February 16, 2024 | V. "Juggy" Jagannathan
This week, I am looking at two articles, both bearing on the overall topic of future of digital health.
I listened to a podcast on Future of Everything from Stanford University with Professor Eleni Linos, the head of the Stanford Center for Digital Health. The conversation was quite interesting.
Professor Linos referred to several recent studies done at Stanford. One particular study, that caught my attention, involved trying to assess the bias in ChatGPT and Bard. And compare it to the bias exhibited by physicians. That study showed that when you provide a clinical vignette and vary the gender, race, ethnicity and socioeconomic status, the responses varied as well across large language models (LLMs) and physicians.
The study underscores that we have some ways to go before routinely using these artificial intelligence (AI) chat bots to provide clinical advice. Urgent research is needed. A detailed comment to the article listed for this paper underscored what needs to be done to address bias in models. The data used to train the model should include representative samples; evaluation needs to be rigorous for all target subgroups; stakeholders in tech needs to be representative of all perspectives, and finally there needs to be guiding ethical principles that drive evaluations.
Professor Linos, a dermatologist, also commented that though the smart phone pictures are quite good for tele-dermatology, there are discrepancies in diagnosis that vary with skin color. She is now taking the mantle of director for the Center for Digital Health at Stanford. Practically everything in health has a digital component now! She is going to be quite busy.
I came across a new paper in arXiv, where all computer science and AI preprints of papers are uploaded from researchers in Google and DeepMind. This one was titled “Towards Conversational Diagnostic AI.” It turns out there was an accompanying blog post, which Google often posts. It talks about a new system they are building dubbed, “Articulate Medical Intelligence Explorer (AMIE).” What exactly is this system? Essentially, it’s a chatbot that behaves like a physician. You may recall that during the pandemic, there were a slew of applications that attempted to diagnose symptoms of a panicked populace. At that time, they were trying to assess the probability of someone coming down with COVID-19. Fast forward to now, this is a significantly more ambitious chatbot.

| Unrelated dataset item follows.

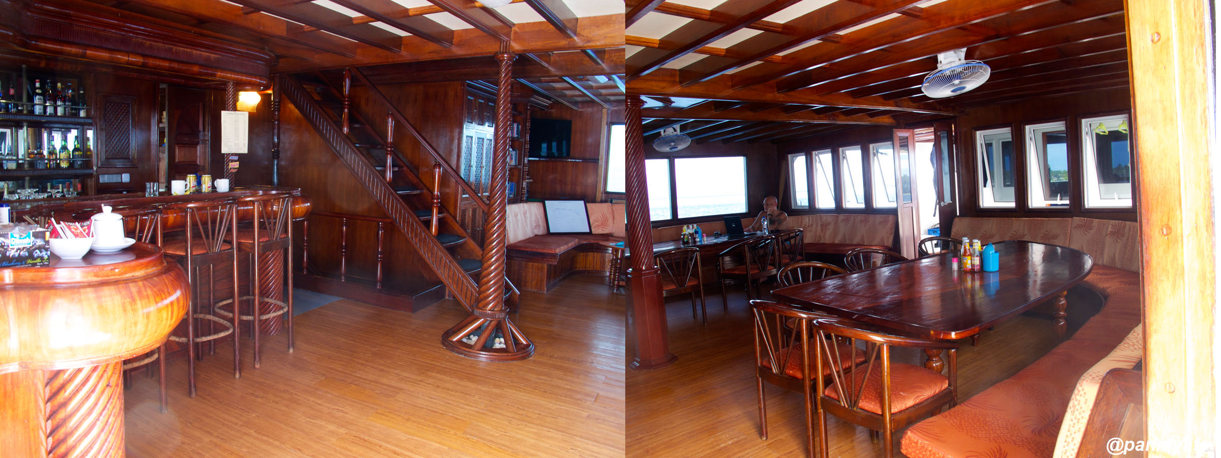 And finally, Amba was in sight. And yes, it was a pretty sight. Much bigger boat and really well decked out. The bar and dining area looked fantastic. We had a short briefing and one little cool thing that I really liked was the pouch of shells. definitely many steps back in time where we will pay for everything using shells instead of cash. That was pretty cool.

So, what does AMIE chatbot do? It follows the same blueprint for questioning the patient that doctors do. It systematically elicits evidence from the patient on their chief complaint, reviews systems and all the various history elements like family history, past medical history, medication history, etc. Then it comes up with a diagnosis and treatment plan – all through the chat interface. The paper sketches how they trained the system and evaluated it as well. Let’s briefly explore how they did this.
They start with standard data sets to train AMIE, then use some creative strategies. LLMs have become so powerful, that I have seen more and more instances of their use in generating, training and fine-tuning data. Starting with a diagnosis, an LLM-agent (in their case, PaLM-2) was used to first generate a clinical vignette that corresponded to ones seen by clinicians in medical exams. Another LLM agent uses this clinical vignette to create a simulated dialogue between doctor and patient. A third LLM agent then plays the role of a critic to improve on the dialogue. The end result is high quality dialogs at scale. This dataset is used to fine tune the AIME system. The AIME chatbot incorporates a chain-of-reasoning approach to systematically comb through the evidence elicited from the patient and create a proper response at every turn.
Now, let’s turn to the evaluation of the system. The researchers created a blind evaluation using a collection of clinical vignettes and patient actors. Patient actors were given clinical vignettes to help them answer questions from the chat interface. Behind the chat interface, it was randomly substituted with a real primary care physician or AIME response. And the result? You guessed it (otherwise, they wouldn’t publish the paper!) AIME was better than real life primary care physicians. That is not the surprising fact. They rank AIME, not only concerning diagnostic accuracy, but on subjective factors such as perceived openness, honesty and empathy. And AIME is better there, too! Imagine a chatbot scoring more points on empathy over real life physicians! However, in this case, the use of a chatbot interface may have biased the results. Verbose, polite responses are the forte of LLMs. I can’t see actual physicians typing up long responses!
Now, they are not going to replace physicians – ever. The physicians for the study were from Canada, the UK and India. One can see the value of such a system globally where there is such a shortage of physicians. I suspect that is what is motivating the researchers. Provide a tool to screen for conditions and get them access to appropriate help. We are seeing the future coming to life in front of our eyes – one research paper at a time.
“Juggy” Jagannathan, PhD, is an AI evangelist with four decades of experience in AI and computer science research.